We found high variability in tree recruitment among sites, which is a common result (Peterson & Haines 2000; Zahawi & Augspurger 2006) and is likely attributable to local-scale factors, such as the presence of nearby fruiting trees and hedgerows. Site-specific factors, such as past land-use history, likely also are important, as duration and intensity of land use prior to abandonment can be inversely related to the rate of forest recovery (Hughes, Kauffman & Jaramillo 1999; Holl 2007). Predominance of grasses at some sites (due to slow canopy development) certainly impacted tree recruitment (Hooper, Legendre & Condit 2005; García-Orth & Martínez-Ramos 2011), as few seedlings recruited in plots with >25% grass cover. Regardless of the driver, the high variability in recruitment among sites underscores the importance of designing well-replicated restoration studies across the landscape to avoid reaching erroneous conclusions based on a few sites.

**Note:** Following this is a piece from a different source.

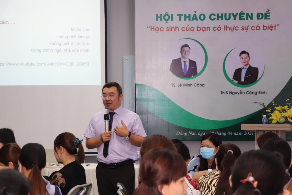 TS Lê Minh Công bắt đầu bằng câu chuyện về các khó khăn, tổn thương của học sinh, xa hơn chính giáo viên cũng đang phải trải qua những khó khăn, nhất là cảm giác bất lực hoặc sự cô đơn trong tiến trình trở thành một nhà giáo. Trong bài trình bày của mình, TS Công nhấn mạnh đến sứ mệnh, lựa chọn mục tiêu và bắt đầu tiến trình thay đổi để hạnh phúc, cảm nhận thuộc về của giáo viên để hướng tới một nhà trường hạnh phúc, học sinh hạnh phúc. Bài trình bày cũng giúp giáo viên hiểu hơn được quy trình, kỹ năng đánh giá các khó khăn của học sinh, trên cơ sở đó có chiến lược một cách hệ thống trong việc hỗ trợ và can thiệp cho học sinh đang có những khó khăn như bài trình bày của Ths Nguyễn Công Bình. Thấu hiểu – Yêu thương và Tin tưởng, Trao giá trị chính là chìa khoá để giúp trẻ hạnh phúc và bản thân nhà giáo cũng hạnh phúc.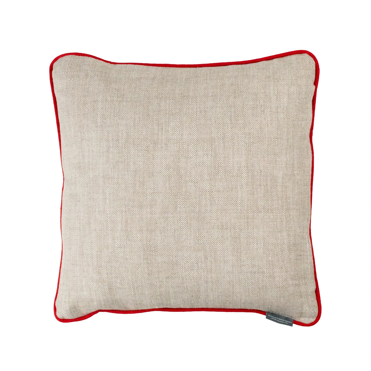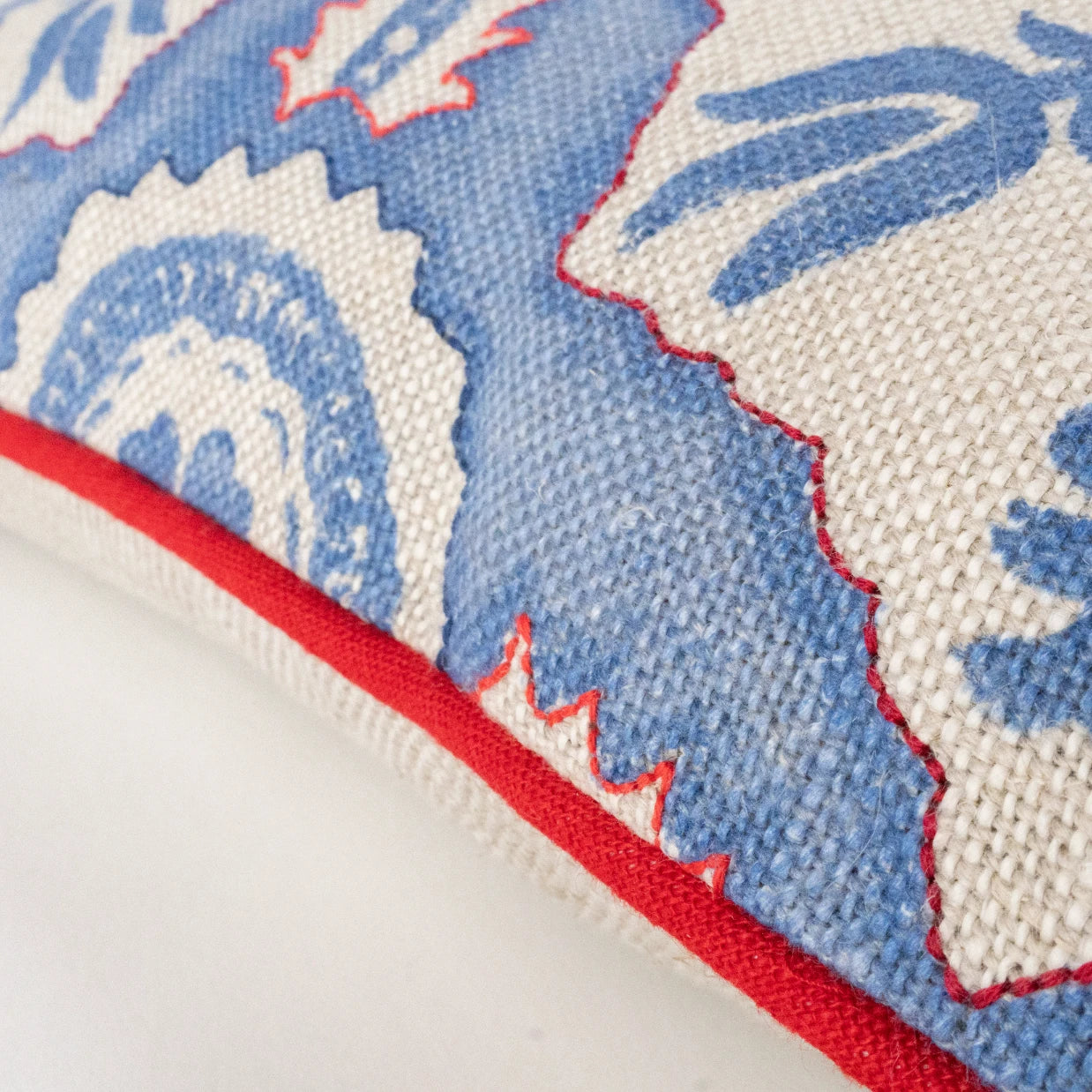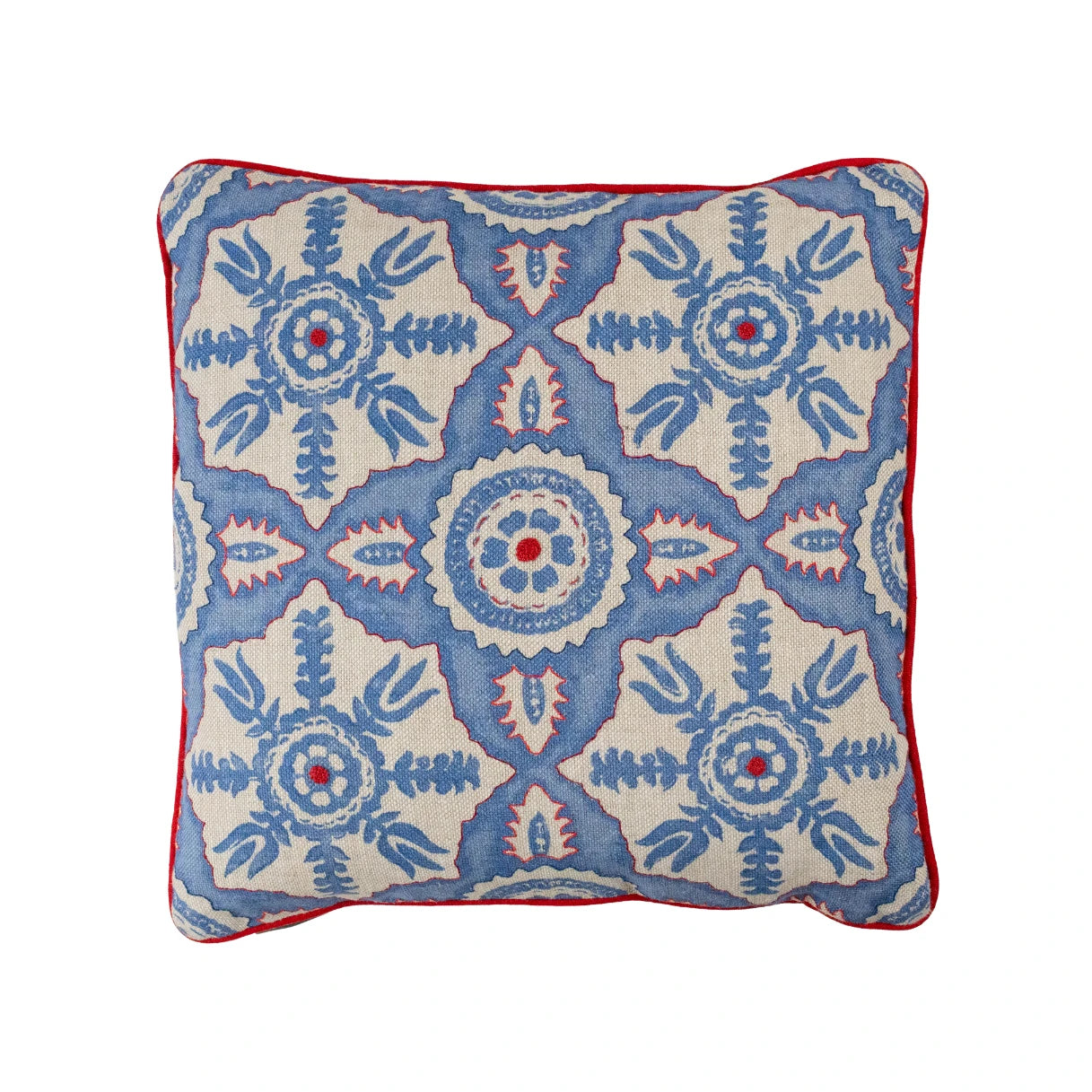 This indigo blue linen cushion pairs fabric from Blithfield's Chatham Collection with hand-embroidered red details to make a vibrant accessory for both traditional and contemporary homes.

Results provide clear recommendations for land managers. First, the applied nucleation strategy represents an effective and cheaper alternative to typical plantation-style plantings to accelerate forest recovery. Second, there is a minimum critical island size below which islands do not enhance seed rain (Cole, Holl & Zahawi 2010) and tree recruitment, and for which planting and maintenance are logistically challenging (Holl et al. 2011). In our system and in Honduras (Zahawi & Augspurger 2006), this island size was c. 100 m2, but ideal size depends on various factors. Third, results show that even sites with minimal surrounding forest cover can be rapidly colonized by early successional tree species, when agricultural land uses retain some level of connectivity. Both active restoration strategies accelerated early forest recovery, but applied nucleation represents a viable alternative that should be considered by practitioners under certain circumstances.

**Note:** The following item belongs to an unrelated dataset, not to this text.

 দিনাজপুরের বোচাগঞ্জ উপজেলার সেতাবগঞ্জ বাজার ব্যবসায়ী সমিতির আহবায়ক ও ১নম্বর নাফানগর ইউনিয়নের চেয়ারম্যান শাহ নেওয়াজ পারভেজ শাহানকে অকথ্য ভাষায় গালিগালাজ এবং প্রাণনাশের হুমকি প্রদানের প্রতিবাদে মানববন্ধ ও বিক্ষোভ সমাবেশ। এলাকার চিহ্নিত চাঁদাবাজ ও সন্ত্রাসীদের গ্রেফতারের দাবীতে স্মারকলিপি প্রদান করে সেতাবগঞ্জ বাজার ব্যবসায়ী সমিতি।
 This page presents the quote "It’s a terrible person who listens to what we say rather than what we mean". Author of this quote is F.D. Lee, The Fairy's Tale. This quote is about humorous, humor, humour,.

We would like to thank C. Keene, F. Obando, F.O. Brenes, J.A. Rosales, P. Rosales, G. Sady and many other students and Earthwatch volunteers for hours of dedicated field research help. D. Morales compiled the GIS layers for landscape analyses. Financial support for this project was provided by NSF (DEB 05-15577; DEB 09-18112) and the Earthwatch Foundation. We greatly appreciate the various landowners providing access to their lands.